*** Opening RECORDS TO PROCESS ***

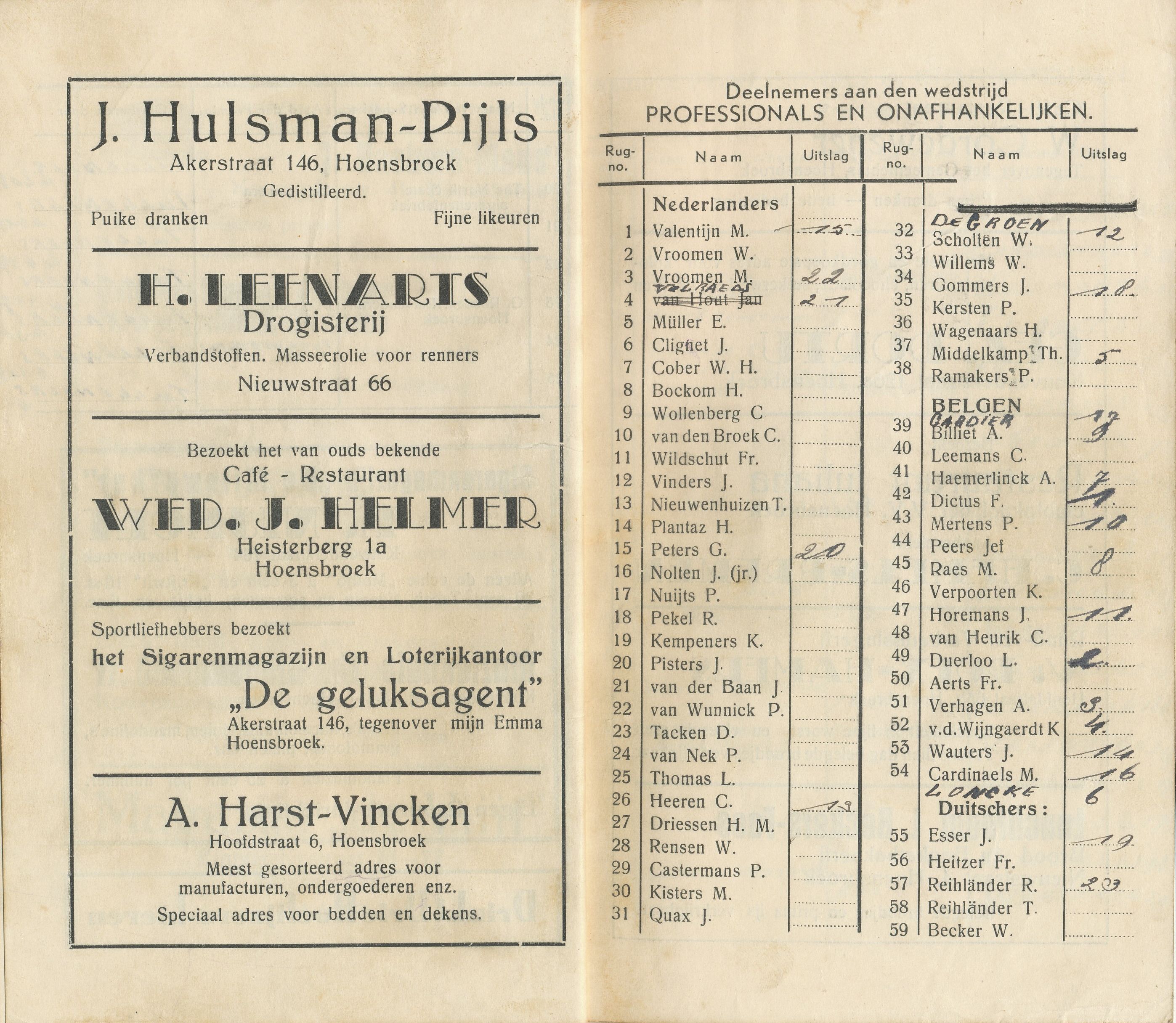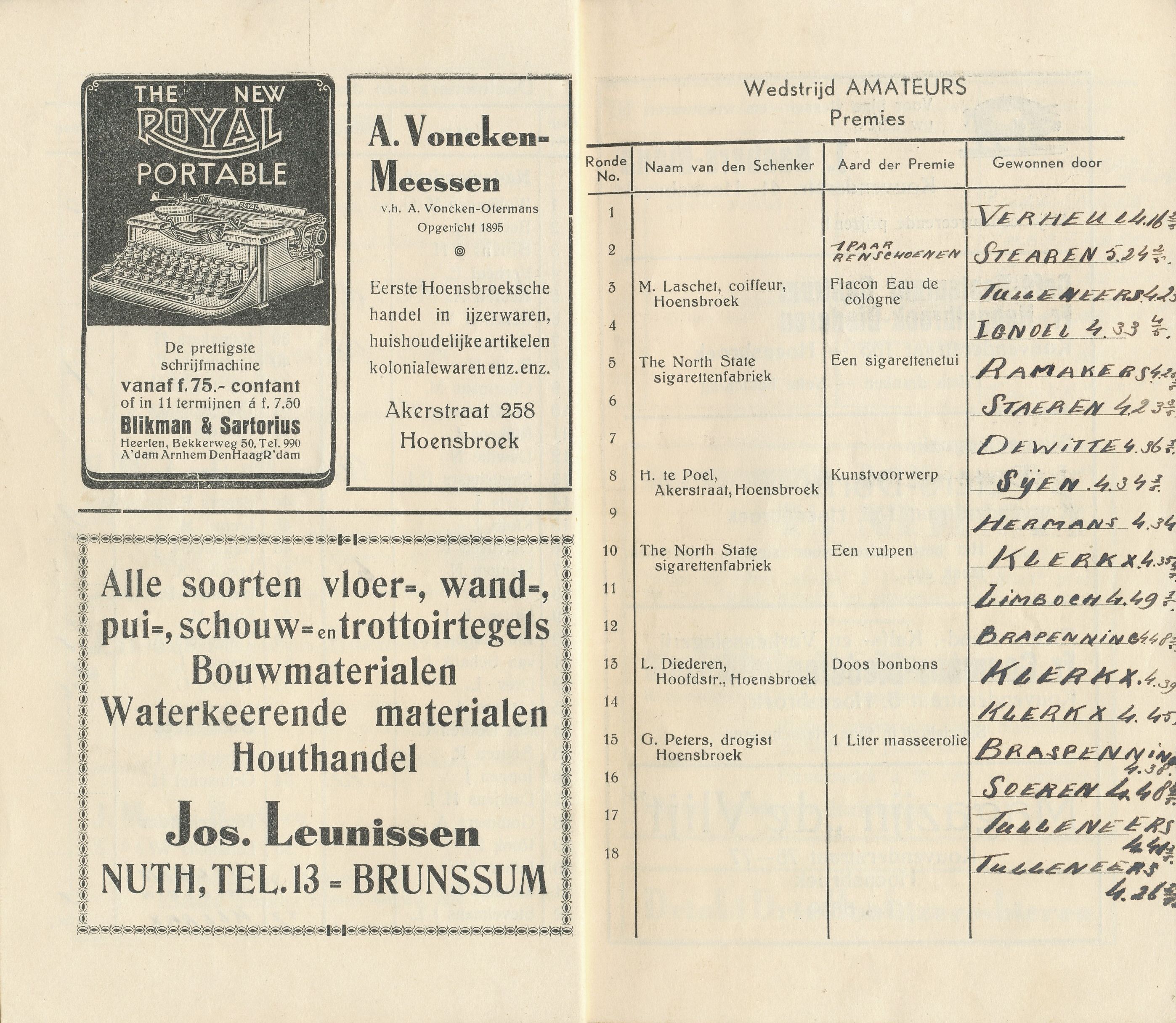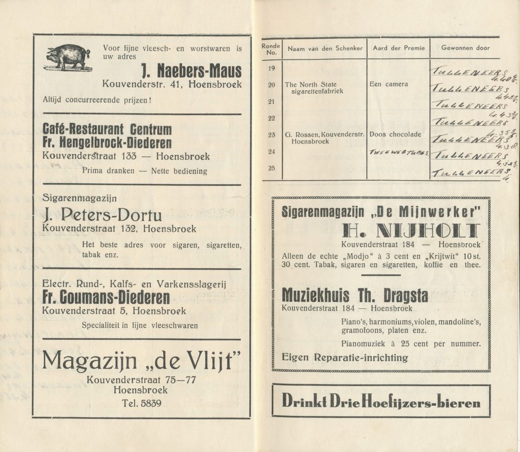 VAN ACHTER DE SCHERMEN. „Hoe wordt een „Ronde in elkaar gezet? Ziet hier het recept. Men neme een traject, een groep renners, wat publiek, enige prijzen, en het succes is verzekerd, mits… degenen, die het verder organiseren, het menu zo smakelijk weten te maken, dat het eenieder aanstaat. Deze zijn de koks, die in de stilte werken, waarvan de gasten niets merken. Het zijn ook de koks, die nooit lof uitingen: dat het smaakt, dat het goed bevallen is horen. Mag ik de harde werkers, „de koks van dit rondenmenu” vanaf deze plaats hartelijk dank zeggen voor de vele uren van moeite, opoffering en inspanning. Naast deze woorden van dank een opwekking, „tot het volgend jaar”. Hoensbroek’s middenstand zal het weten te waarderen.” H. MARTIN, Burgemeester.
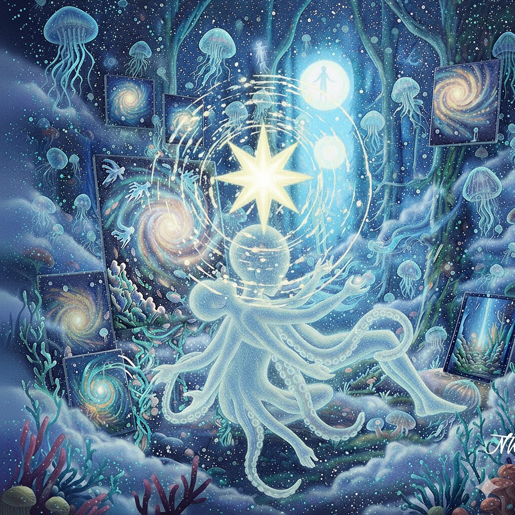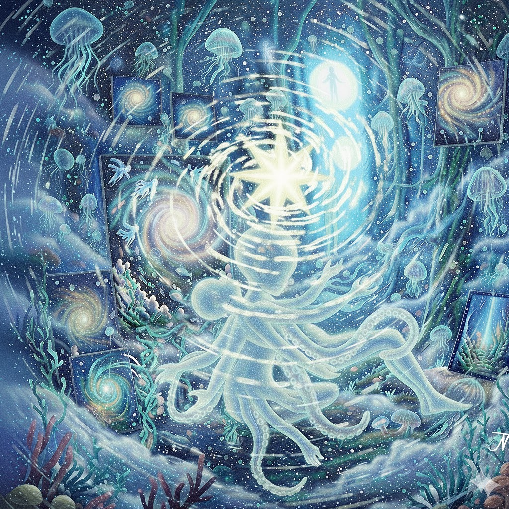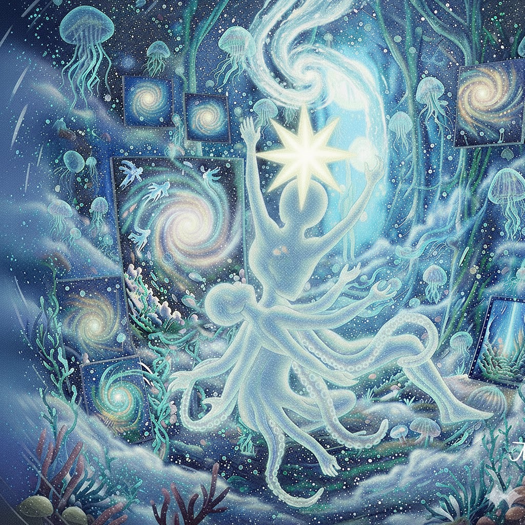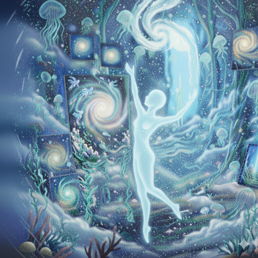 Within a cosmic ocean of stars, galaxies, and luminous currents, a translucent being emerges from the void, rises toward light, and dissolves once more into the infinite.
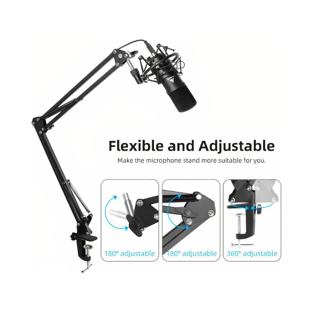 The Maono BA20 Microphone Suspension Boom Scissor Arm Stand, made from premium steel, offers durability and reliability. With dual suspension springs for mic protection, it’s versatile, easily mounting to various surfaces. Adjustable positioning and a professional kit make it ideal for any recording setup.
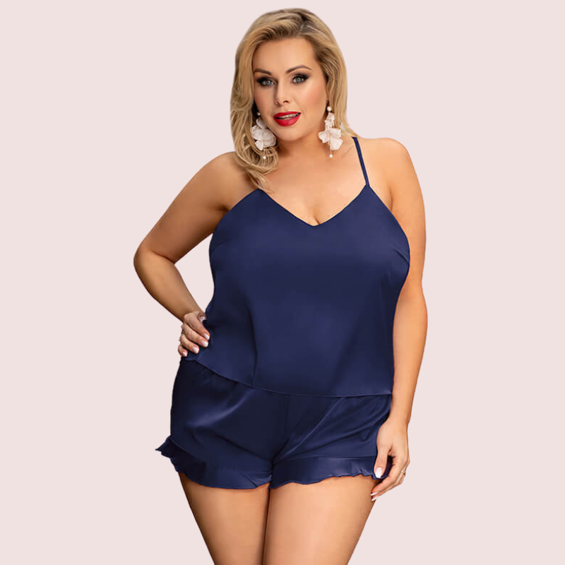 Our Plus Size Cami Top and Shorts Nightwear Set, designed for comfort and style. This set features a soft, breathable fabric that feels great against your skin. The cami top comes with adjustable straps for a perfect fit, while the matching shorts have an elastic waistband for added comfort. Perfect for a cozy night in or lounging around the house, this nightwear set combines practicality with elegance.
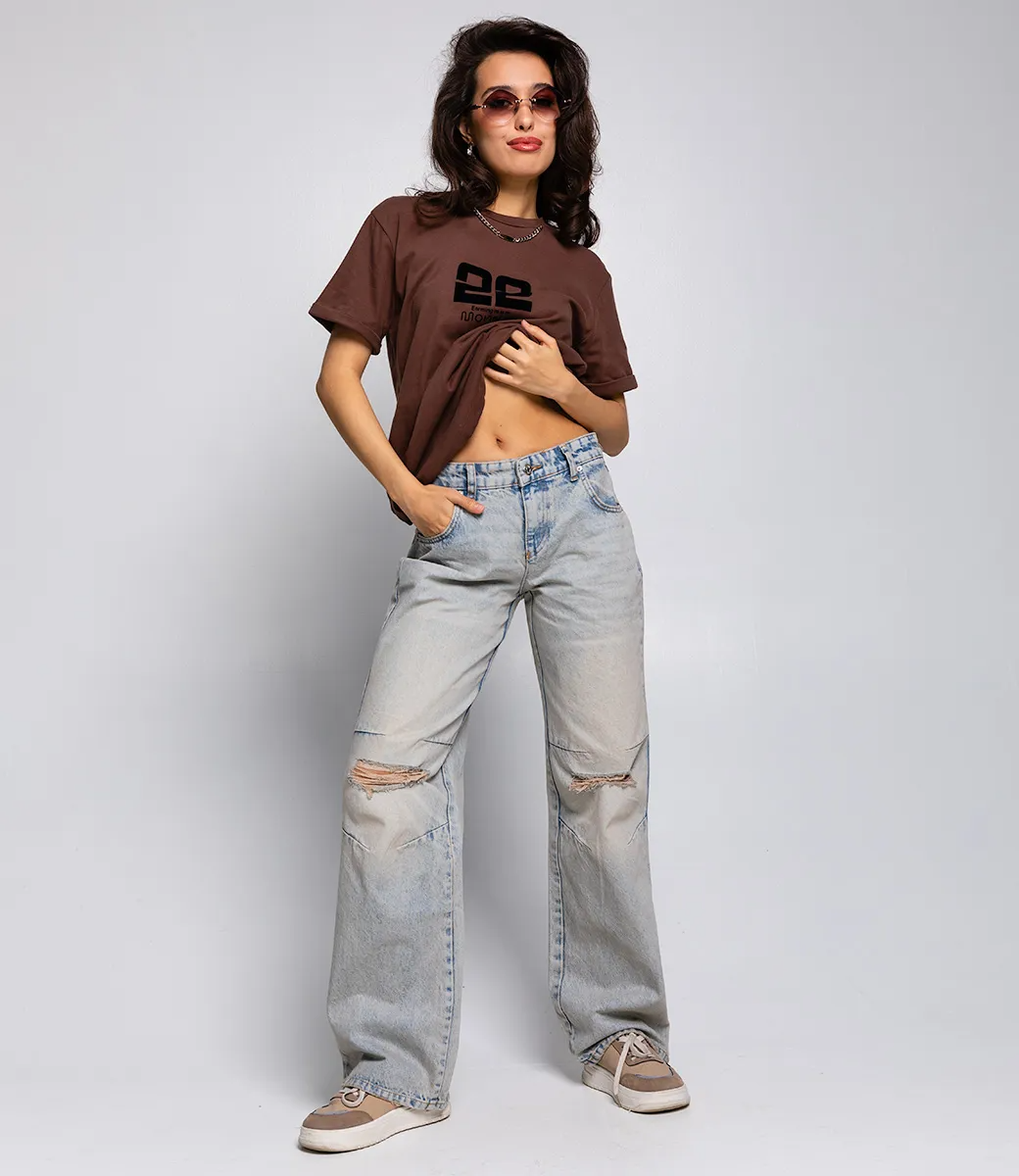 Джинсы средней посадки, с широким кроем и разрезами на коленях - это модель, которая отлично сочетается с различными стилями одежды. Они обеспечивают комфорт и свободу движений благодаря широкому крою, а разрезы на коленях добавляют модный акцент и придают небрежный и стильный вид. Такие джинсы могут подходить как для повседневного носки, так и для создания более выдержанного образа. Хлопок

*** Closing RECORDS TO PROCESS ***

**WHAT TO PRODUCE**
An exact copy is needed of the entries above, starting at the line that holds "Within a cosmic" and stopping at the line that holds "The Maono BA20", both kept; pictures stay out.

**ANSWER AREA**
 Within a cosmic ocean of stars, galaxies, and luminous currents, a translucent being emerges from the void, rises toward light, and dissolves once more into the infinite.
 The Maono BA20 Microphone Suspension Boom Scissor Arm Stand, made from premium steel, offers durability and reliability. With dual suspension springs for mic protection, it’s versatile, easily mounting to various surfaces. Adjustable positioning and a professional kit make it ideal for any recording setup.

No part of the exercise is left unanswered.